GA-Marketing – was ist das denn?

Sony α 850 Instruction Manual Cover (fragment)

Um das Feuer bis zum Verkaufsstart eines neuen Produktes schön anzuheizen, setzen Unternehmen neuer­dings auch gerne mal auf „Virales Marketing“. Einen ganz besonders heißen und doch irgendwie staub­trockenen Marketing-Coup hat jetzt Sony gelandet, auf den wir durch einen Blog-Beitrag im „Erklärer-Blog“ dankens­werter­weise aufmerksam wurden.

Von Apple und Microsoft kennt man das: Da erblickt ein „Leak“ schon mal lange vor Produktveröffentlichung das Licht der Welt – sei es nun ein verschwommenes Photo vom neuen iPhone oder MacBook aus chinesischer Lieferanten-Quelle oder der neueste Windows 7-ISO-Build 7600.xyz aus Moskau. Solche „Appetizer“ machen Lust auf mehr und halten die Käufer­schar bei Laune, bis das Produkt endlich in den Regalen bzw. zum Download steht. Zudem ermöglicht es dem Hersteller schon früh, ein „Community-Feedback“ einzuholen und bei deutlicher Kritik vielleicht noch Änderungen in letzter Minute vorzunehmen.

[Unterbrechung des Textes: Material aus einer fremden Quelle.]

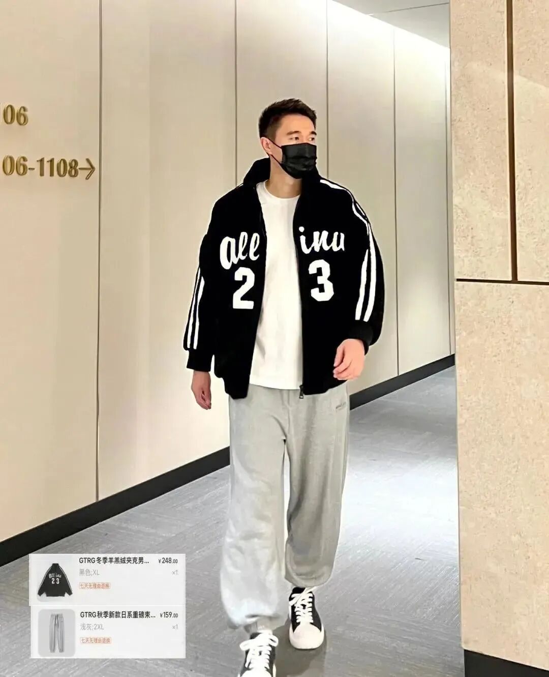 羊毛糕夹克外套+白色打底衫+浅灰色束脚运动裤,黑白灰经典的搭配;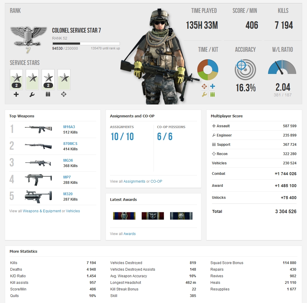 ずっとM16A3と870MCSがベスト武器の取り合いをしてたんですがM16が100ほど引き離しましたね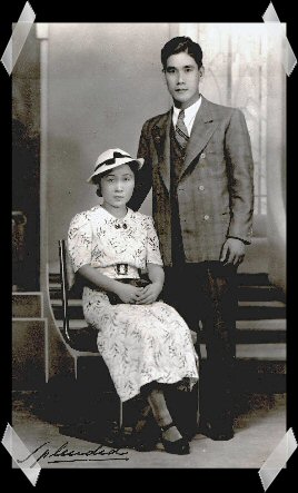 Los recién casados Takako Yonamine de Uehara (23 años) y Kiyotomi Uehara (27 años).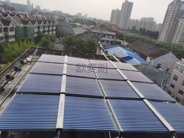 靖江醫(yī)保職工康復(fù)醫(yī)院熱水系統(tǒng)改造方案:將原來(lái)的太陽(yáng)能整體拆除,管道采用原先設(shè)計(jì)管道,增加集中太陽(yáng)能進(jìn)行供熱,空氣能進(jìn)行輔助。采用8組50管太陽(yáng)能集熱器+兩臺(tái)歐麥朗空氣能熱泵熱水機(jī)組!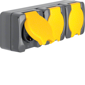 Berker 4323 Zásuvka, 3x SCHUKO, kombinovaná, s klapkami, 16 A, 250 V~, vodorovná montáž, ISO-Panzer IP44, tm. šedá/žlutá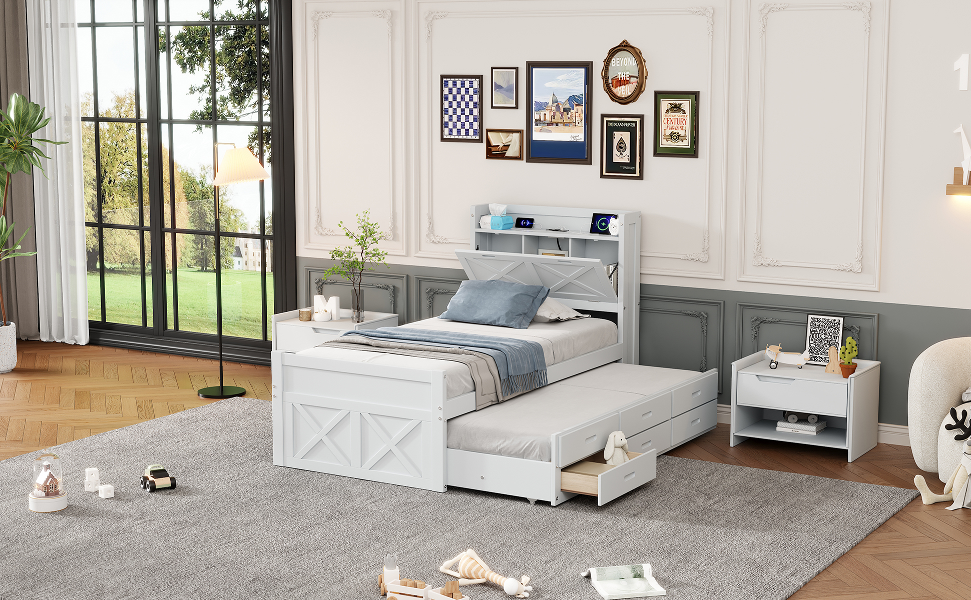 - Space-saving:The bed includes one trundle, which can be rolled out to provide extra sleeping space to put another twin size mattresses. This design is ideal for families with children or users who need to host guests frequently.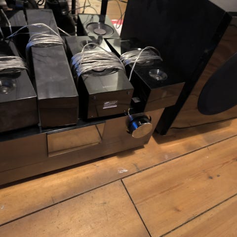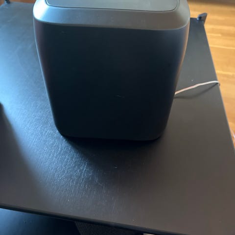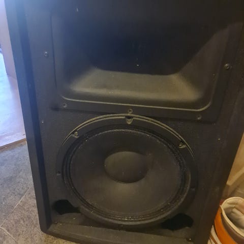 högtalare i svart utförande. Systemet på bilderna visar en Sonos-enhet ansluten till ett PA-system med mixer och aktiva högtalare. Sonos-enheten kan användas för att strömma ljud till anläggningen via nätverk. Högtalaren och tillhörande utrustning har flera anslutningar för ljudkällor och kan användas för exempelvis musikuppspelning eller tal i mindre till medelstora lokaler, beroende på hur säljaren väljer att konfigurera systemet. Alla kablar och anslutningar som syns på bilderna ingår enligt säljarens uppgift.

sony850_handbuch-titelseite

So brodelt auch schon seit Wochen bei Fotofans die Gerüchteküche über eine neue DSLR-Kamera von Sony, doch bislang war wenig Offizielles zu finden. Was bot sich da also für Sony besseres an, als der hungrigen Fotografen­schar ein paar Info-Krumen hinzwerfen? So ganz „viral“ wollte man bei Sony dann aber wohl doch nicht sein, und so „leakte“ es nicht etwa in einem chinesischen Forum, sondern ganz bürokratisch im Supportcenter von Sony Asia-Pacific. Dort tauchte nämlich plötzlich die englische Bedienungsanleitung der „α 850“ auf. Das blieb natürlich nicht lange unentdeckt und so verbreiteten sich die in der GA vorgestellten technischen Daten und sonstigen Informationen binnen Stunden um den ganzen Globus. Wer Sonys Bürokratie-Maschienerie kennt, kann, wie auch der Erklärer-Blog feststellt, kaum an einen Zufall glauben und so liegt die Vermutung nahe, dass es sich hier tatsächlich um einen geschickten Marketing-Schachzug handelt.

GA-Marketing – kann das gelingen?

Es ist unzweifelhaft so, dass Sony mit diesem „IM Leak“ ein kleiner Coup gelungen ist. Die „α 850“ ist in Fachkreisen nun in aller Munde und die technische Redaktion im Allgemeinen darf sich darüber freuen, dass eine Gebrauchsanleitung als solche auch mal als Marketing-Instrument herhalten darf. „Sony gebührt in diesem Szenario allerdings die Ehre, die PR-Maschinerie mit einer schlichten Bedienungsanleitung gefüttert zu haben.“, schreibt Renauld Kahns und: „Plötzlich liest die Welt eine Bedienungsanleitung, freiwillig und dazu noch, ohne überhaupt das Produkt zu besitzen.“ – keine Frage, da freut sich das Herz des technischen Redakteurs zu Recht.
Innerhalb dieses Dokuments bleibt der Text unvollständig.